But as we said before, on another occasion, this may not be done, and it does not signify: and it is unlikely that any member of our Church will do this, it being only for the satisfaction of such idle requisitions as are contained in these acts of parliament.
We have already alluded to the cruelty, the wanton cruelty of the inquisitions to be instituted in families on the deaths of persons, under any circumstances, of long illness or otherwise. If we had been living in a country abounding with assassins, conspirators, and common stabbers, we should not have expected this law, so long as sudden and violent deaths were subjects for a coroner's inquest; but the painful requisitions of evidence to be given within five or eight days of the lamented death of a near relative or friend, are disgraceful to a country like this, where persons dying naturally, have always been permitted a peaceable interment. We think this the most horrible law that has ever been passed in this country.

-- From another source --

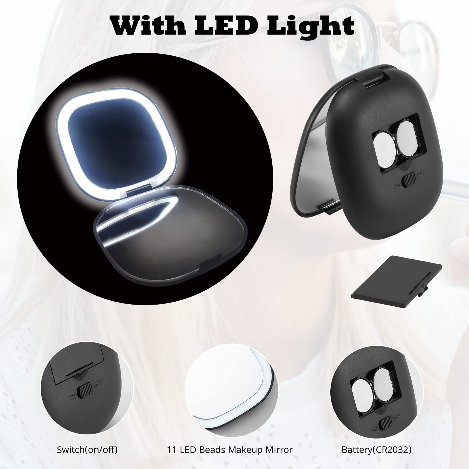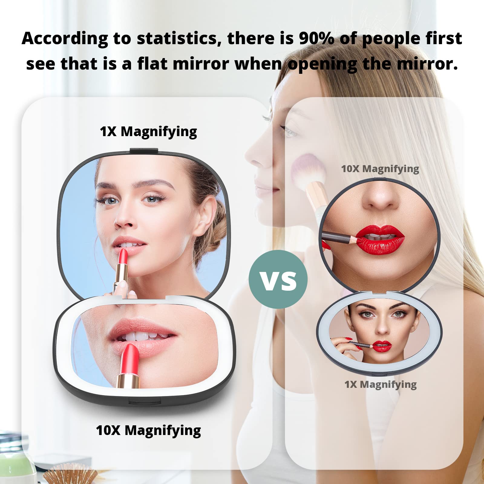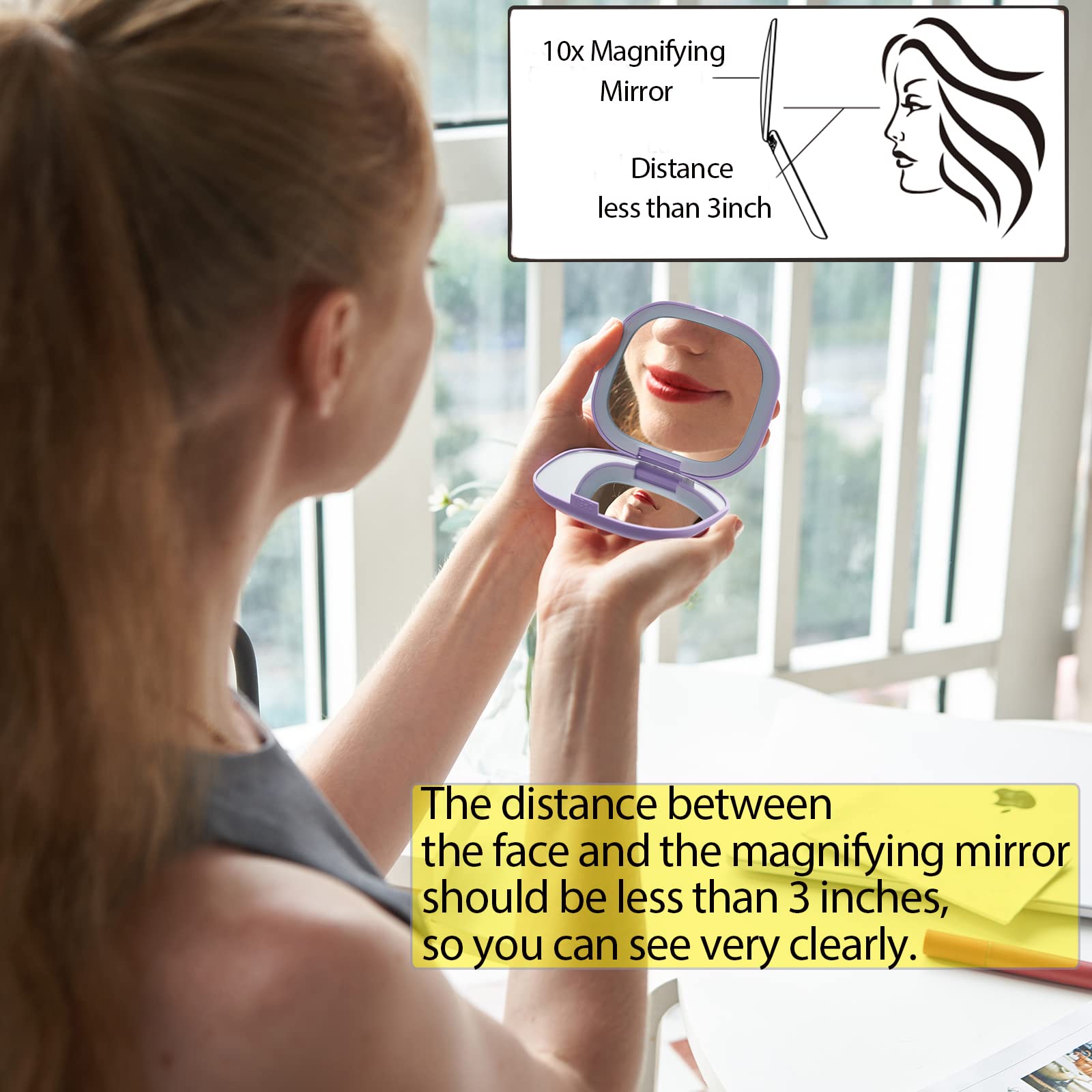 - 1x and 10x Magnifying Mirror with LightUpon opening the makeup mirror, you are greeted with a regular 1x mirror that provides a full-face view for easy makeup application. And the 10x magnifying mirror allows for effortless precision during facial treatments such as deep cleansing, eyebrow plucking, blackhead removal, and even while wearing contact lenses. Please note: for optimal visual clarity, ensure the distance between your face and the magnifying mirror is less than 3 inches.

We have alluded to this part of the act, and to the duties of the registrar in cases of death; and we have given our opinion of the class of men who may be expected to perform those duties ; for we cannot suppose that any gentleman (so calling himself) would or could, within five or eight days of a death, voluntarily intrude upon the peace of a private family to make the inquiries we have mentioned; and therefore we think, that the official directions to the boards of guardians cannot be too explicit, that they choose men of vulgar and base habits, whose spirits will but accord with the vile spirit of this act of parliament.
How many female intellects would be totally overthrown by such a harrowing of the soul as must be the result of inquiries, which not only proceed from no motives of affection or kindness, but may possibly tend to after-inquiries respecting the attentions of relations, or the skill of the physician, the surgeon, or the apothecary, whose mode of treatment might be not altogether approved of by a rival medical man, in the shape of a registrar of the district. We can, without effort, conceive such a man questioning the bereaved widow or mother, the orphan daughter, or the beloved sister of a departed brother, as to the minute particulars of a lingering and a painful illness, which ended at last in the death of him, whose mortal remains are not yet removed to their earthly habitation ; for this inquisition may take place on any day after that of the death, or on the day of the funeral, and it must be made of those who are nearest and dearest to the deceased, and therefore the less able to bear the inhuman infliction. No coroner's inquest could be so dreadful as this! and what arch fiend, we ask, could have infused into the mind of the framer of these requisitions, such a horrible conceit as to mould them into an act of parliament?
The act is of a puerile, desultory kind; and the sections are strange intermixed enactments of births and deaths, by sea and by land. Thus, there is a provision, section 21, as to children born at sea, which anticipates that the captain of every vessel should have this act of parliament on board. The commanding officer is to be the superintendent registrar, and the surgeon of course the registrar ;-his assistant being some
“ Seventh son of Doctor John,
Physician and chirurgeon,
Man-midwife to a man of war." The registries of deaths by sea are likewise to be made by the captain. Are there no chaplains in ships ?
In regard to other deaths, we mean those by land, the registrar is to certify that he has registered a death, and deliver the certificate to the undertaker, who is to give it to the minister, who, in case of receiving no such certificate, is to notify the burial to the registrar.
There is no prescribed form of this notice, nor is it enacted that it shall be in writing. See section 27.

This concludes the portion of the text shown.